Shipley has put that science to use at the U.S. National Whitewater Center, creating a course with optimum training conditions for the Olympic paddlers by eliminating the variability of flow, building more efficient eddies and creating an environment where water velocities are faster.
"We're able to take the amount of whitewater that might be in a half a mile or a mile stretch and pack it into a thousand feet," he said.
Sports Medicine, Nutrition and Psychology
According to several experts, athletes are also more aware than ever of how their bodies perform, whether by keeping tabs on their heart rates, refining their nutrition regimes, planning out training cycles to peak at the perfect time or monitoring recovery times.
"We know more about the human body, we know more about how to train -- when to put a stress on the training sessions, when to pull it back and let them recover," Ingram said. "The great coaches know exactly how much stress and pressure to apply."
Given the pressures of performing one's best on race day, mental analysis is part of that assessment, thanks to the rise of sports psychology.
Robert Troutwine, a psychologist in Liberty, Mo., who consults for NFL, NBA and MLB teams to help evaluate whether particular athletes are good hires, uses tools called psychometrics to examine competitors' personalities and behavior traits. He said that since the incorporation of psychology into sports in the early 80s, the practice has proved its staying power by way of good draft picks, playoff titles and championship rings.
Troutwine said the correlation between physical and mental performance cannot be overlooked.

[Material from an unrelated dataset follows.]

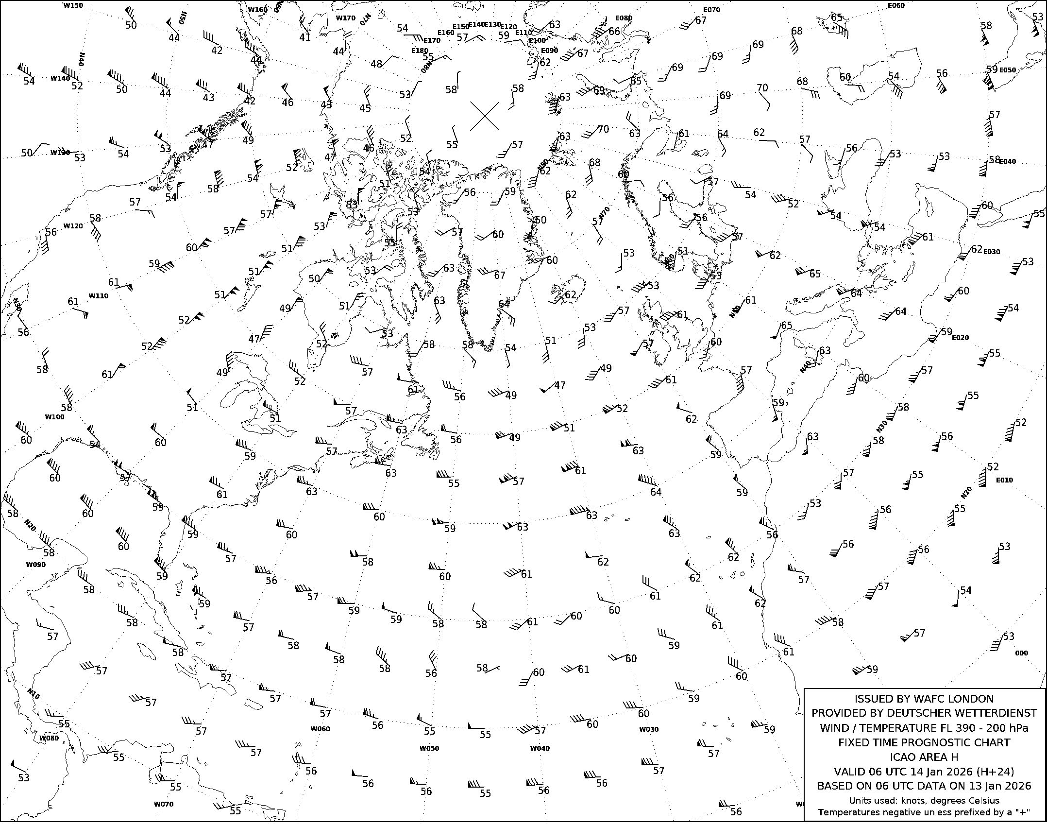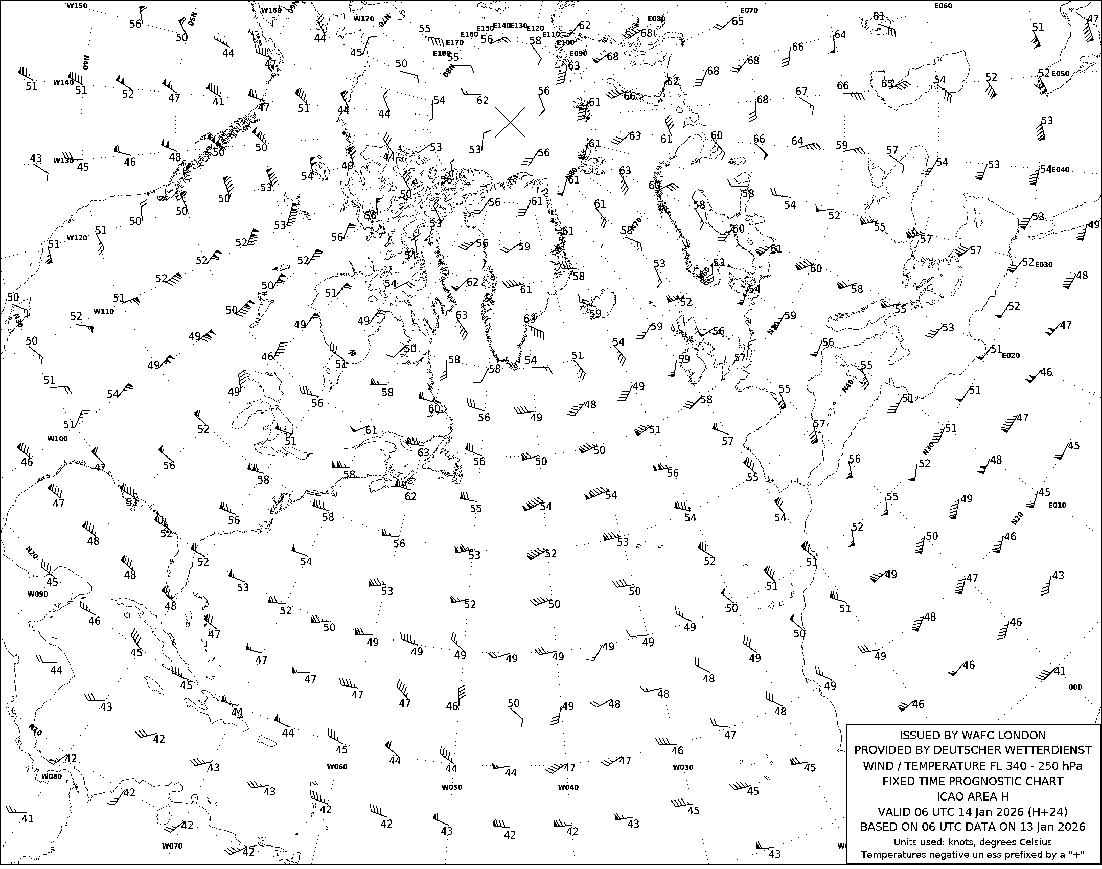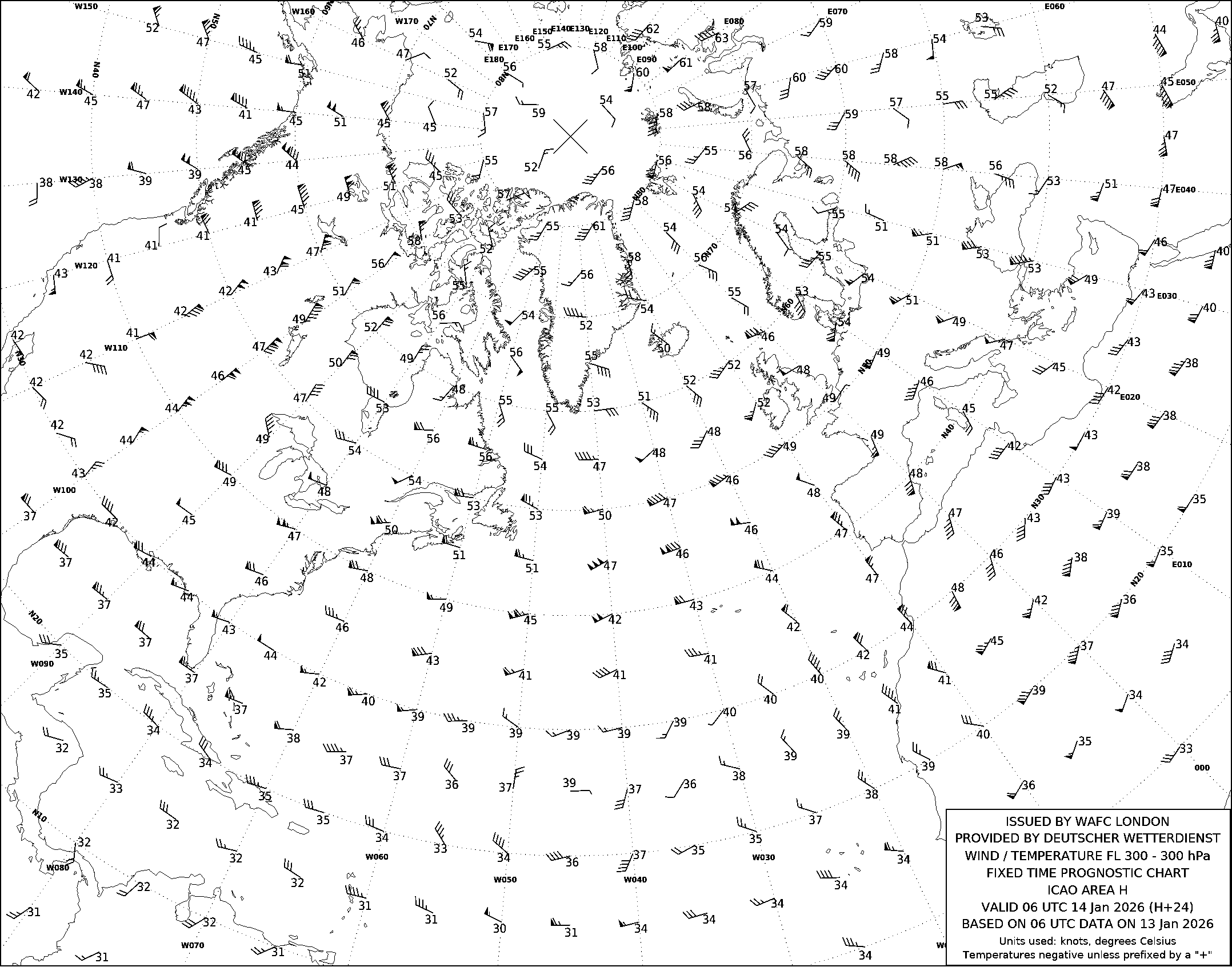 AREA H (Европа, Северная Африка и Северная Америка) по данным за 06 UTC 13.01.2026

"If you really self-sacrifice and show up to training camp in top shape, that's got to have an impact on your confidence," he said. "If an athlete's been injured, you know that's a physical thing, but there's also that creeping doubt."
"We prefer to work with athletes, even executives, on an ongoing basis, because it helps them prepare for and develop habits of excellence," Crawford said. "So they're really strong and mentally tough when they need to be."
Crawford joins doctors, nutritionists, athletes and trainers May 31 in New York City to discuss the science of sports at the World Science Festival.